The result is the exact lines from the one containing "Согласно прежним правилам, социальная" through the final line of the entries; leave out the pictures.

Saved entries:
+ + + + + + +

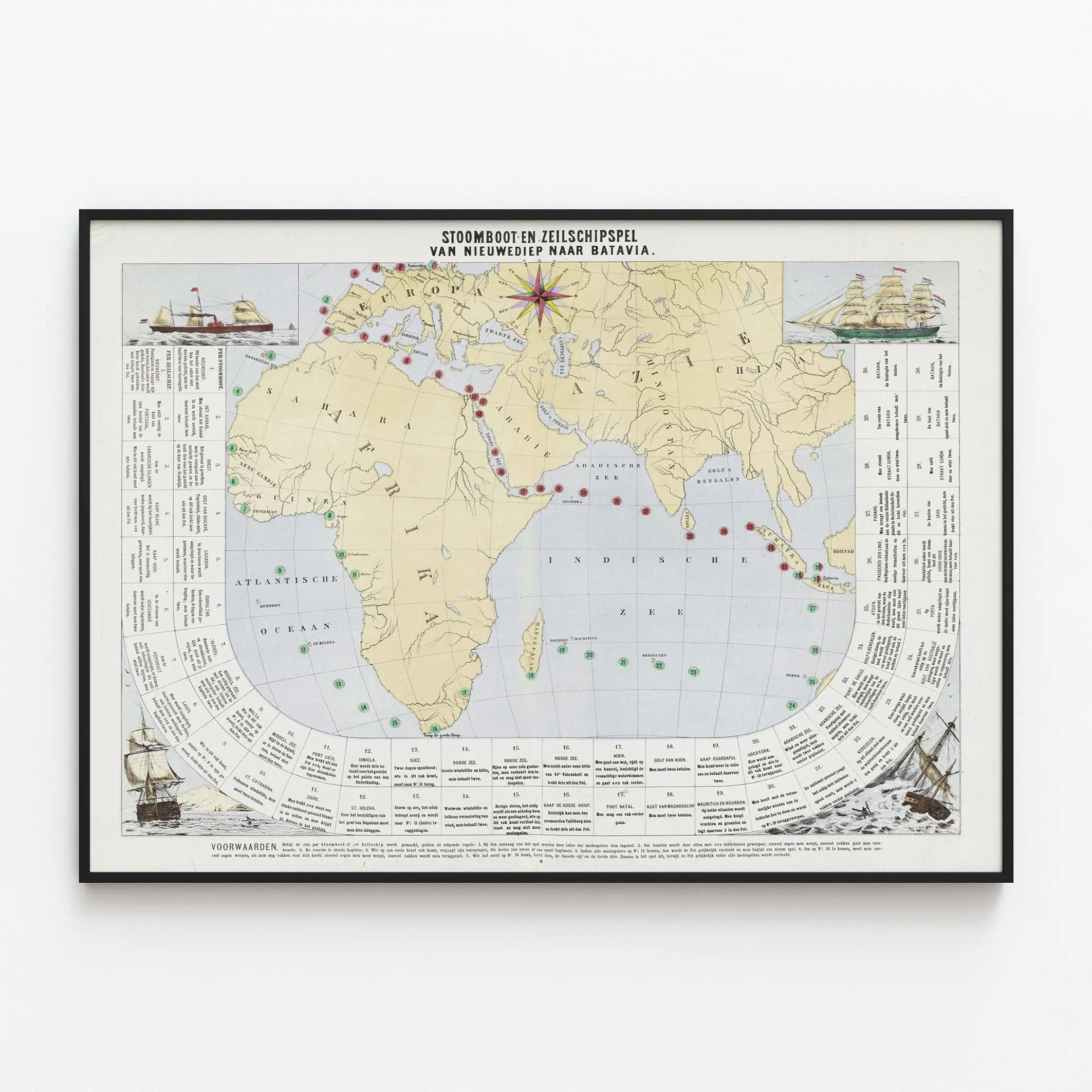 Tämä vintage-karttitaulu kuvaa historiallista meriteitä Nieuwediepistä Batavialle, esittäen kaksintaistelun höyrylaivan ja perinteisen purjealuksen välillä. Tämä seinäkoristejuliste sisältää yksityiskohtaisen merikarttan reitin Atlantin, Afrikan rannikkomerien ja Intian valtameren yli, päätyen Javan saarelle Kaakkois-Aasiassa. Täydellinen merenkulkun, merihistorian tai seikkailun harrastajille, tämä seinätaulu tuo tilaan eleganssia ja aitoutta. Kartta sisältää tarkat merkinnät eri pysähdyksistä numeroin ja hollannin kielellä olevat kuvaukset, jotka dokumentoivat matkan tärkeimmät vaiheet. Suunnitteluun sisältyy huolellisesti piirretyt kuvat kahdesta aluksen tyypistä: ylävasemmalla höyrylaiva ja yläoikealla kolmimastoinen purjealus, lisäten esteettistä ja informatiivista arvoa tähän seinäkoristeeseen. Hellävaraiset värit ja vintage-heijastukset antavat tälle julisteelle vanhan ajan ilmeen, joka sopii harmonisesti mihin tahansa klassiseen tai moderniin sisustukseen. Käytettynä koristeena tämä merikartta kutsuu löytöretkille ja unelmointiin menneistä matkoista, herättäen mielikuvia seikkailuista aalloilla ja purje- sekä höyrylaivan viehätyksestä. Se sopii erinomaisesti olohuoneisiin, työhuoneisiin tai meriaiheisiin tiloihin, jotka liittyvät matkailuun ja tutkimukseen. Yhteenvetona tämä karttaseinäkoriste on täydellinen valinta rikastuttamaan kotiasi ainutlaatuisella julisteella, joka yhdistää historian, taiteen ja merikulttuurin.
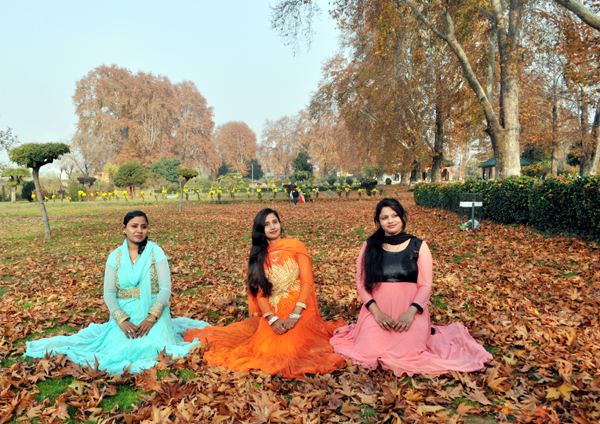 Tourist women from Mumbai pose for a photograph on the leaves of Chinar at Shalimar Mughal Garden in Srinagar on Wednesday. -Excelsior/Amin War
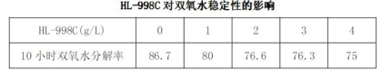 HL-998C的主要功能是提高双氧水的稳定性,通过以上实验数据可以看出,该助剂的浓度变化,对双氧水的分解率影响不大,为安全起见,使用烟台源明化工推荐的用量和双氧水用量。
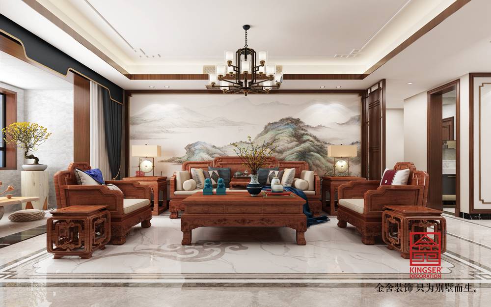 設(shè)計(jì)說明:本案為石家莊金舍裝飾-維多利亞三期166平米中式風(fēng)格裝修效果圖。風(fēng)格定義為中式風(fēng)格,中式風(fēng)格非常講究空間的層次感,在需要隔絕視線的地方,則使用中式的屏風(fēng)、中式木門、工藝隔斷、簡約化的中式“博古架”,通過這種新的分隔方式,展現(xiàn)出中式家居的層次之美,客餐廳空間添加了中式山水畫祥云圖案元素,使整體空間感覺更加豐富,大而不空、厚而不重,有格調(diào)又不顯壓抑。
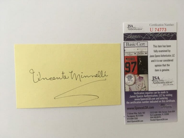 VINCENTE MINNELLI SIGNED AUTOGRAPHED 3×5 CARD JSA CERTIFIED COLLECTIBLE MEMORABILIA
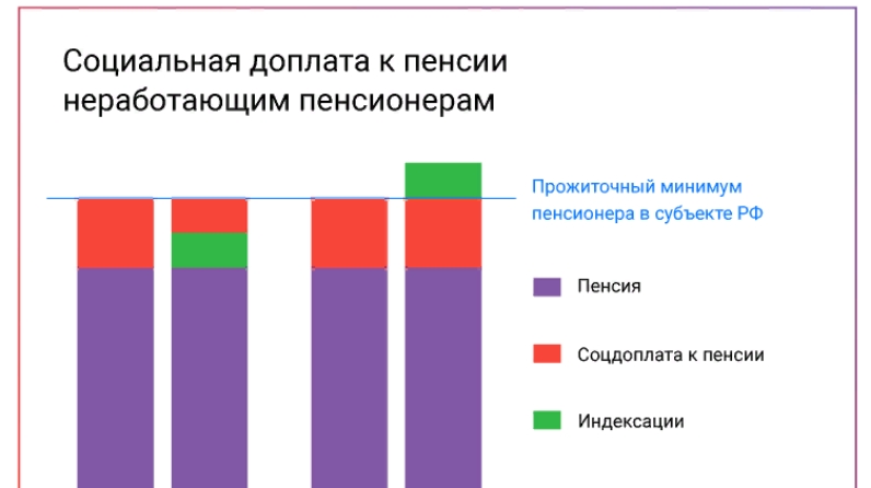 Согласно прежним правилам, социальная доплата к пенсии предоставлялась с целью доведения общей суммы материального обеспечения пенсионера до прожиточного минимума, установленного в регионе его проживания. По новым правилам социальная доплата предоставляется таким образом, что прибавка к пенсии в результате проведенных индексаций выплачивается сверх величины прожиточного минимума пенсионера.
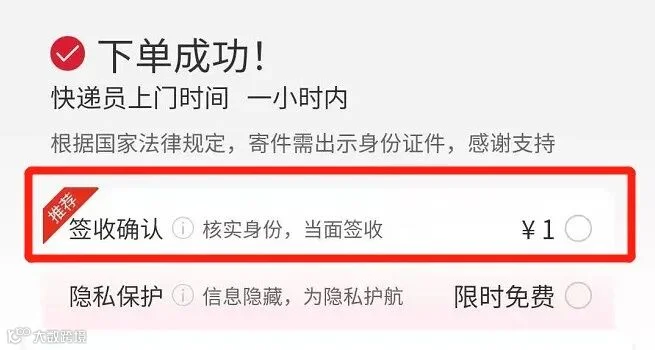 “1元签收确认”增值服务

+ + + + + + +

Answer to this task:
 Согласно прежним правилам, социальная доплата к пенсии предоставлялась с целью доведения общей суммы материального обеспечения пенсионера до прожиточного минимума, установленного в регионе его проживания. По новым правилам социальная доплата предоставляется таким образом, что прибавка к пенсии в результате проведенных индексаций выплачивается сверх величины прожиточного минимума пенсионера.
 “1元签收确认”增值服务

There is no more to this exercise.